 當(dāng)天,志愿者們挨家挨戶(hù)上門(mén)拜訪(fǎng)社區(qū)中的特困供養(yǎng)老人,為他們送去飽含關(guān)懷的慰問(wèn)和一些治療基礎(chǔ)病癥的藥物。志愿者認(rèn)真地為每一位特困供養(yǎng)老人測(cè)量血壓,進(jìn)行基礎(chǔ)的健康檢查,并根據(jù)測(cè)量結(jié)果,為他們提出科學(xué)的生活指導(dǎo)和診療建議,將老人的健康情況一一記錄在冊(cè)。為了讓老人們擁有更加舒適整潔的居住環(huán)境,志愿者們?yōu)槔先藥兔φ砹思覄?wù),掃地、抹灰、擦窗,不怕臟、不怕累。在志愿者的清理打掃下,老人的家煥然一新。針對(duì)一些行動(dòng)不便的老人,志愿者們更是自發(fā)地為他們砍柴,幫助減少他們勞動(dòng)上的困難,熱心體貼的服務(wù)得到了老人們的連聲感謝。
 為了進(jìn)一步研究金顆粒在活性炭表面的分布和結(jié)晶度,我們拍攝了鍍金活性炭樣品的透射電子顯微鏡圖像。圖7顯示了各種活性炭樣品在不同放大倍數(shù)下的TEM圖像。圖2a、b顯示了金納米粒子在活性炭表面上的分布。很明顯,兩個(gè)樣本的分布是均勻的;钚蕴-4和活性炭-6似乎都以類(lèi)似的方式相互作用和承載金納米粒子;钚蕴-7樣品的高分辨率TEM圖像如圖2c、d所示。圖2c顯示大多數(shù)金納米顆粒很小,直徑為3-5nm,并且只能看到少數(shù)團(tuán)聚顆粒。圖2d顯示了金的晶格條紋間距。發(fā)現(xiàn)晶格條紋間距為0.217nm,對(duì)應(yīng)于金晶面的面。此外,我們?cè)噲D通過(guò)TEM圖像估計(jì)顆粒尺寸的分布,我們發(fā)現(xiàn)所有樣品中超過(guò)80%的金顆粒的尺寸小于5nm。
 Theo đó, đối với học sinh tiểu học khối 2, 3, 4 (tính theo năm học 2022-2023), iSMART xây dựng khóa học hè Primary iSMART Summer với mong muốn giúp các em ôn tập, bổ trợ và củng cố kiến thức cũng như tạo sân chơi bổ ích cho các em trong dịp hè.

---

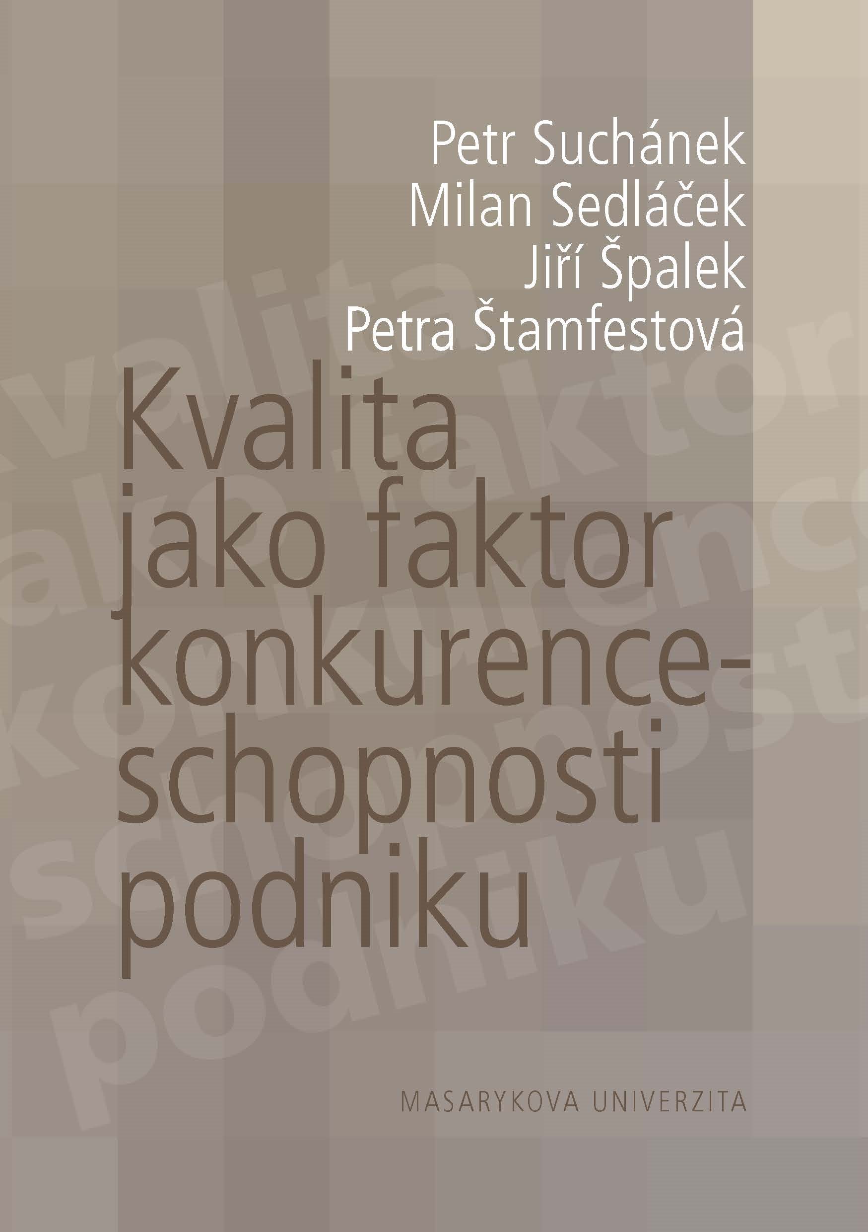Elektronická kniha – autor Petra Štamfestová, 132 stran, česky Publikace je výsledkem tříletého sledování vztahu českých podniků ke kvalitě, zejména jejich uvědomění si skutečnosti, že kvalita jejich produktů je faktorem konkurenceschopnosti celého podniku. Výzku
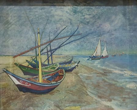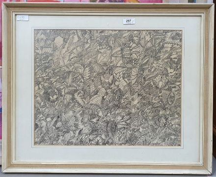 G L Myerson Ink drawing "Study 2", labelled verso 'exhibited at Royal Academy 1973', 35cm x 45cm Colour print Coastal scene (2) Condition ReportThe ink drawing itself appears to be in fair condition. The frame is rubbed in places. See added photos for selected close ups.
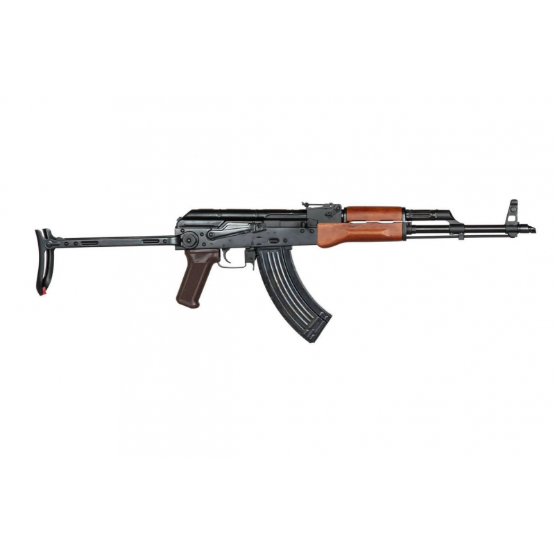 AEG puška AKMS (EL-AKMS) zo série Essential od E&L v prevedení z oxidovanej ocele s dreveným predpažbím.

What this task involves:
Restate word for word only the lines above from the line containing "當(dāng)天,志愿者們挨" to the line containing "Theo đó, đối", both of them included.

Your solution:
 當(dāng)天,志愿者們挨家挨戶(hù)上門(mén)拜訪(fǎng)社區(qū)中的特困供養(yǎng)老人,為他們送去飽含關(guān)懷的慰問(wèn)和一些治療基礎(chǔ)病癥的藥物。志愿者認(rèn)真地為每一位特困供養(yǎng)老人測(cè)量血壓,進(jìn)行基礎(chǔ)的健康檢查,并根據(jù)測(cè)量結(jié)果,為他們提出科學(xué)的生活指導(dǎo)和診療建議,將老人的健康情況一一記錄在冊(cè)。為了讓老人們擁有更加舒適整潔的居住環(huán)境,志愿者們?yōu)槔先藥兔φ砹思覄?wù),掃地、抹灰、擦窗,不怕臟、不怕累。在志愿者的清理打掃下,老人的家煥然一新。針對(duì)一些行動(dòng)不便的老人,志愿者們更是自發(fā)地為他們砍柴,幫助減少他們勞動(dòng)上的困難,熱心體貼的服務(wù)得到了老人們的連聲感謝。
 為了進(jìn)一步研究金顆粒在活性炭表面的分布和結(jié)晶度,我們拍攝了鍍金活性炭樣品的透射電子顯微鏡圖像。圖7顯示了各種活性炭樣品在不同放大倍數(shù)下的TEM圖像。圖2a、b顯示了金納米粒子在活性炭表面上的分布。很明顯,兩個(gè)樣本的分布是均勻的;钚蕴-4和活性炭-6似乎都以類(lèi)似的方式相互作用和承載金納米粒子;钚蕴-7樣品的高分辨率TEM圖像如圖2c、d所示。圖2c顯示大多數(shù)金納米顆粒很小,直徑為3-5nm,并且只能看到少數(shù)團(tuán)聚顆粒。圖2d顯示了金的晶格條紋間距。發(fā)現(xiàn)晶格條紋間距為0.217nm,對(duì)應(yīng)于金晶面的面。此外,我們?cè)噲D通過(guò)TEM圖像估計(jì)顆粒尺寸的分布,我們發(fā)現(xiàn)所有樣品中超過(guò)80%的金顆粒的尺寸小于5nm。
 Theo đó, đối với học sinh tiểu học khối 2, 3, 4 (tính theo năm học 2022-2023), iSMART xây dựng khóa học hè Primary iSMART Summer với mong muốn giúp các em ôn tập, bổ trợ và củng cố kiến thức cũng như tạo sân chơi bổ ích cho các em trong dịp hè.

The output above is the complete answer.